Using the equation (\ref{7}) we will obtain the equilibrium criterion at constant T and V. We must bear in mind that these conditions assume $dV=0$ and $dT=0$. Substituting in (\ref{7}) $dw=-PdV$ in addition to adding and subtracting $SdT$ is obtained. \begin{equation} dU\leq TdS +SdT-sdT -PdV \end{equation} Since $d(TS)=TdS+SdT$ the previous equation remains: \begin{equation} dU\leq d(TS)- SdT-PdV \end{equation} Passing the term $d(TS)$ to the first term of the inequality \begin{equation} d(U-TS)\leq -SdT-PdV \end{equation} Holding T and V constant during the process, $dT=dV=0$ \begin{equation} d(U-TS)\leq 0 \end{equation} This means that during an irreversible process (chemical reaction or mass transfer between phases) the function of state $U-TS$ decreases until equilibrium. Once equilibrium is reached, this function remains constant.
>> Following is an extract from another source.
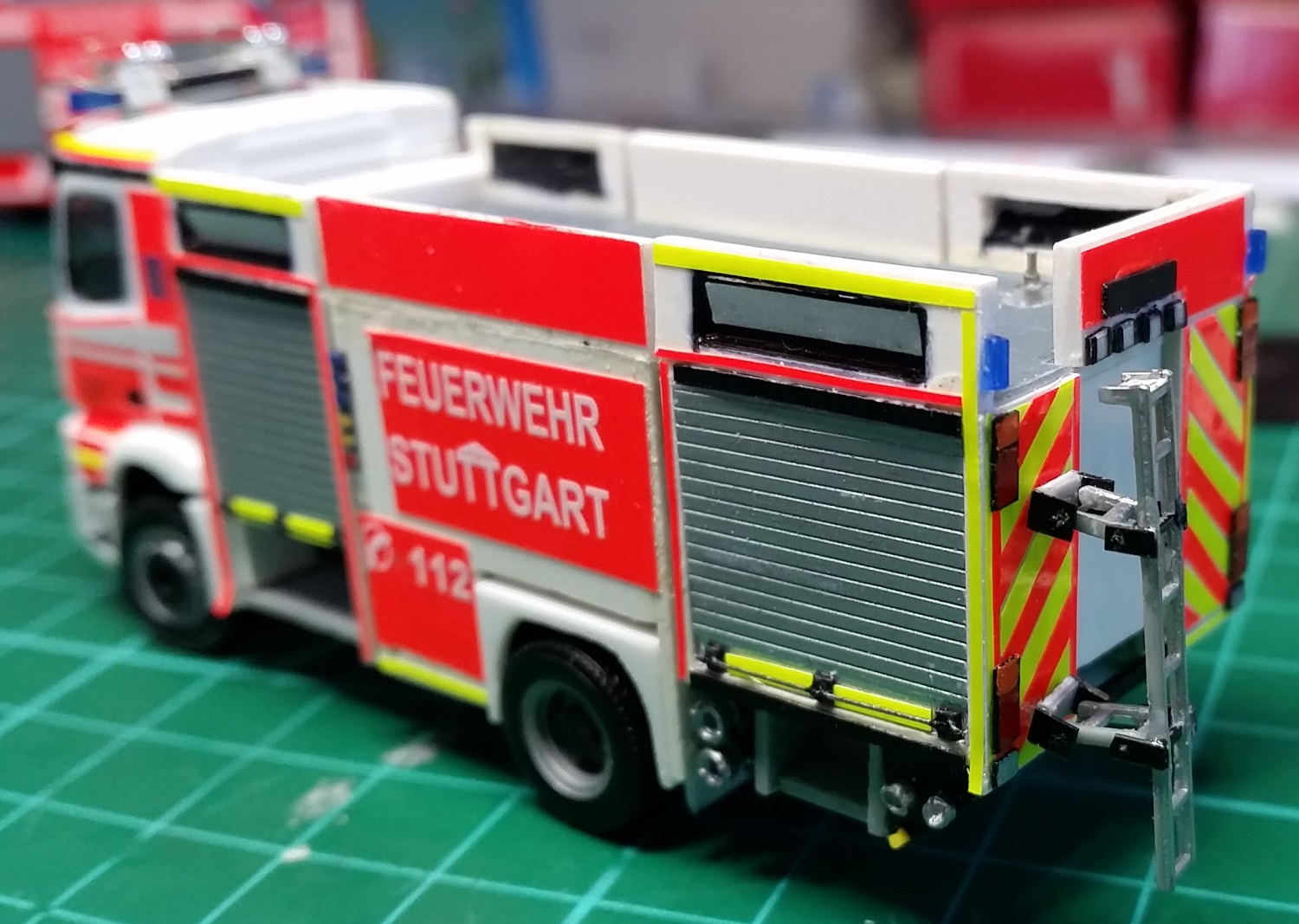 Wie auch immer, die Neuerungen sehen auch wieder klasse aus. Ich hatte mich vor vielen Jahren mal an zwei 1:24 Aufstiegsleitern versucht, allerdings habe ich da offensichtlich etwas gepfuscht. Bei Dir klappt das deutlich besser und sogar noch einige Nummern kleiner - Respekt!
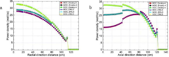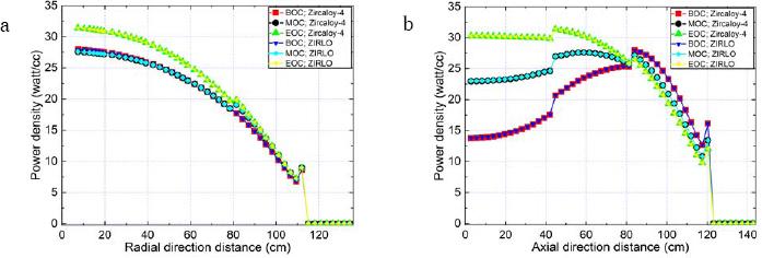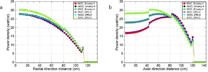 In the axial direction, as shown in Figs. 6b, 7b, and 8b, the distribution patterns for the three fuel types also exhibit similarities. In the axial direction, it can be observed that all three fuels have significant variations in power density near the axial center up to a distance of approximately 81.20 cm during BOC, MOC, and EOC.

Therefore, the equilibrium criterion at constant T, V consists in minimizing the state function $U-TS$. This function is called the Helmholtz free energy, and is represented by A. \begin{equation} A=U-TS \end{equation}

Finally we have to find the material equilibrium criterion at constant T, P. Adding and subtracting from the equation (\ref{7}) $SdT$ and VdP: \begin{equation} dU \leq TdS+SdT-SdT-PdV+VdP-VdP \end{equation} Grouping: \begin{equation} dU\leq d(TS)-SdT-d(PV)+VdP \end{equation} \begin{equation} d(U+PV-TS)\leq-SdT-VdP \end{equation} Given that $dT=dV=0$ and that $H=U+PV$ \begin{equation} d(H-TS)\leq 0 \end{equation} The state function $H-TS$ is called the Gibbs free energy and is represented by G. \begin{equation} G=H-TS \end{equation} The function G decreases as the thermodynamic system approaches material equilibrium, reaching its minimum value at equilibrium.